Investigators are often anxious to know if random treatment allocation process has resulted in evenly balanced treatment groups. A very common mistake is to perform a significance test in order to determine this.
Null hypothesis: Any observed differences in the treatment group means are owing to chance alone.
Alternative hypothesis: There is a systematic difference in treatment group means, chance as a sole explanation is untenable.
Randomization is a chance mechanism. It is impossible to reject the null hypothesis because randomized data is… random. It is impossible to embrace the alternative hypothesis because randomized data is… random.

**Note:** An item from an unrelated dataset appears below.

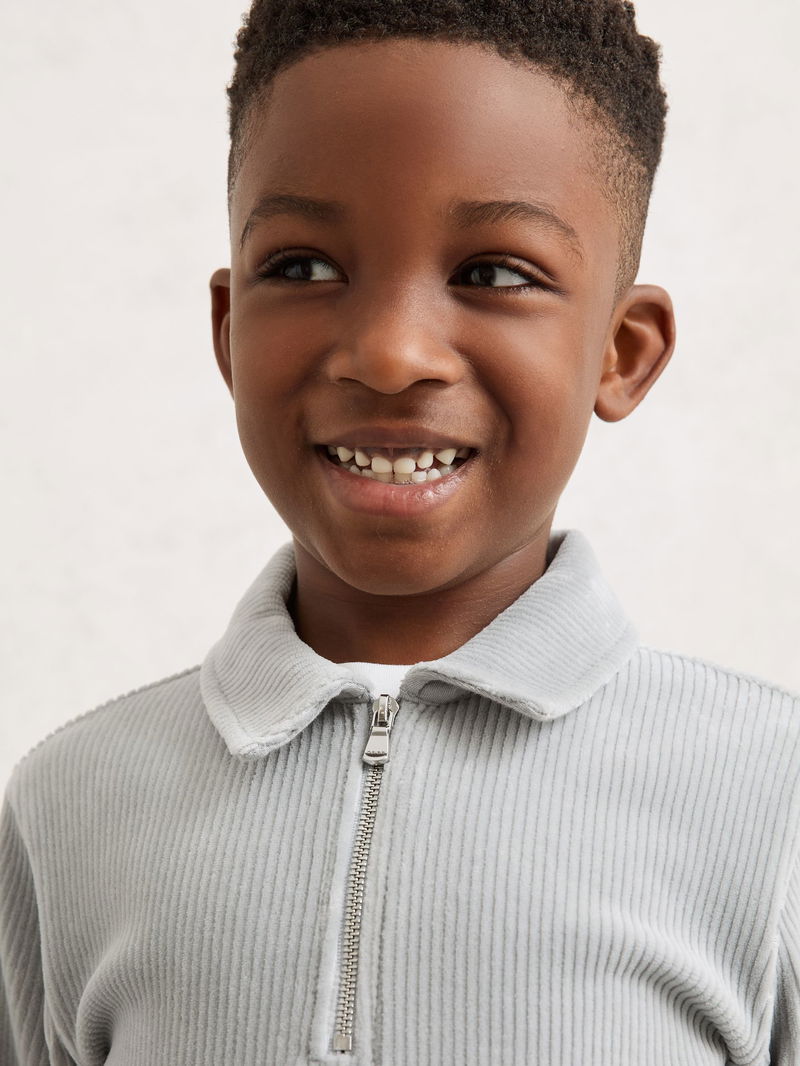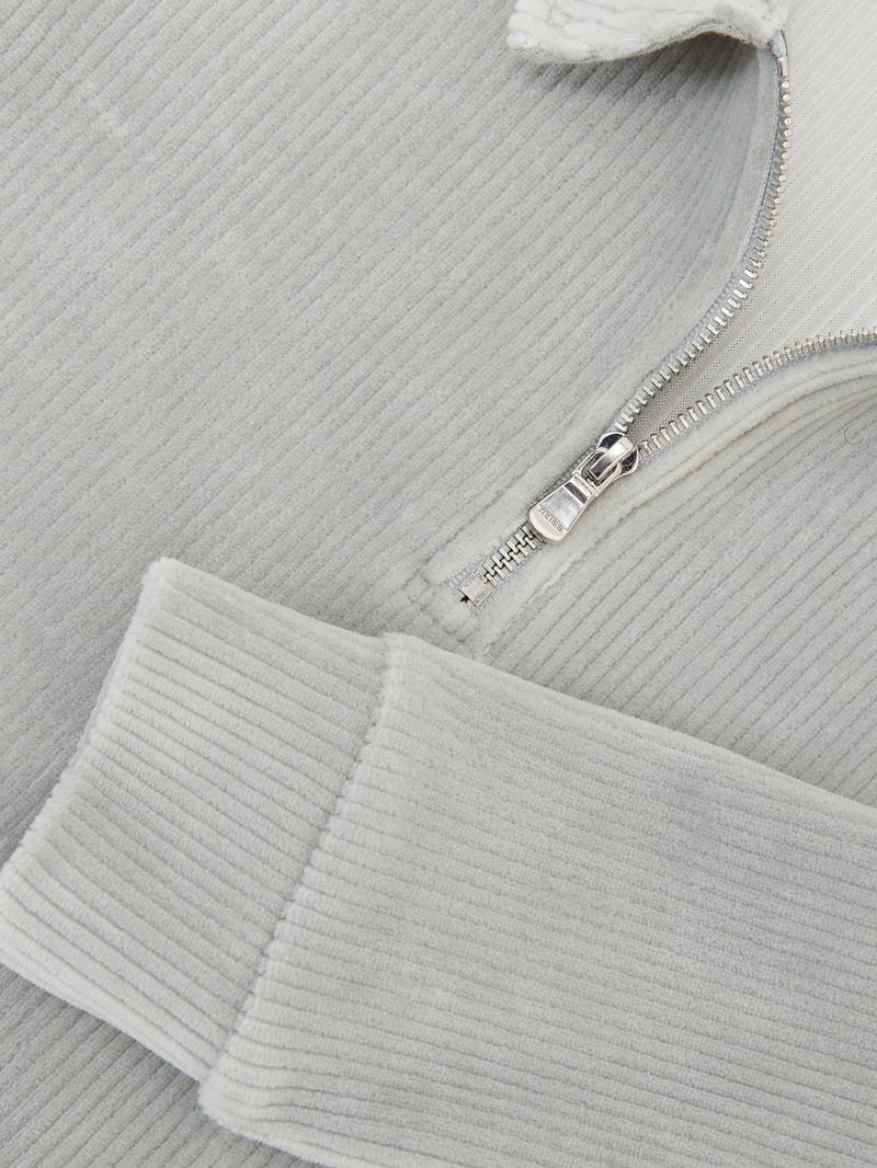 Corduroy Half-Zip Polo Shirt In Soft Grey

Testing baseline data is a misuse of significance testing. Investigators who perform significance testing of randomized baseline data are (unwittingly) testing randomly generated data to see if it is random or not!
…this practice is philosophically unsound, of no practical value and potentially misleading…
While no lasting harm to the overall analysis is done by this practice it sends a clear message to the reader:
We, the investigators do not understand the basics of significance testing! We have made a mistake in the first step of the analysis (reporting baseline characteristics). Having got this wrong you should be very concerned about the (more important) analyses that follow…
Note: if the standard 0.05 level of significance is chosen by necessity 1 in 20 (5%) of the baseline variables on average will be “significantly different”.
Here’s how it can be misleading:
Trial 1: An RCT investigating the effect of methylphenidate treatment on testosterone levels in men.
Trial 2: An RCT investigating the effect of methylphenidate treatment on testosterone levels in boys.
Which of these trials has a has potentially serious imbalance in age?
So how do you know if there are any clinically important imbalances at baseline? Simple look at the data – not the statistical data (the p-value column) the clinical data (the means). Are there any notable differences in the treatment group means? on a clinically relevant variable? Discuss this and its possible effect in the results section.
Determining if there is a clinically important imbalance in the baseline data is a nuanced task requiring knowledge of the disease and treatment, its mechanism of action and many other factors. It seems unusual to leave this matter up to a t-test.
The practice of significance testing of baseline data is common in psychiatry, whlie it doesn’t cause any harm it’s usually the calling card of the statistical dilettante.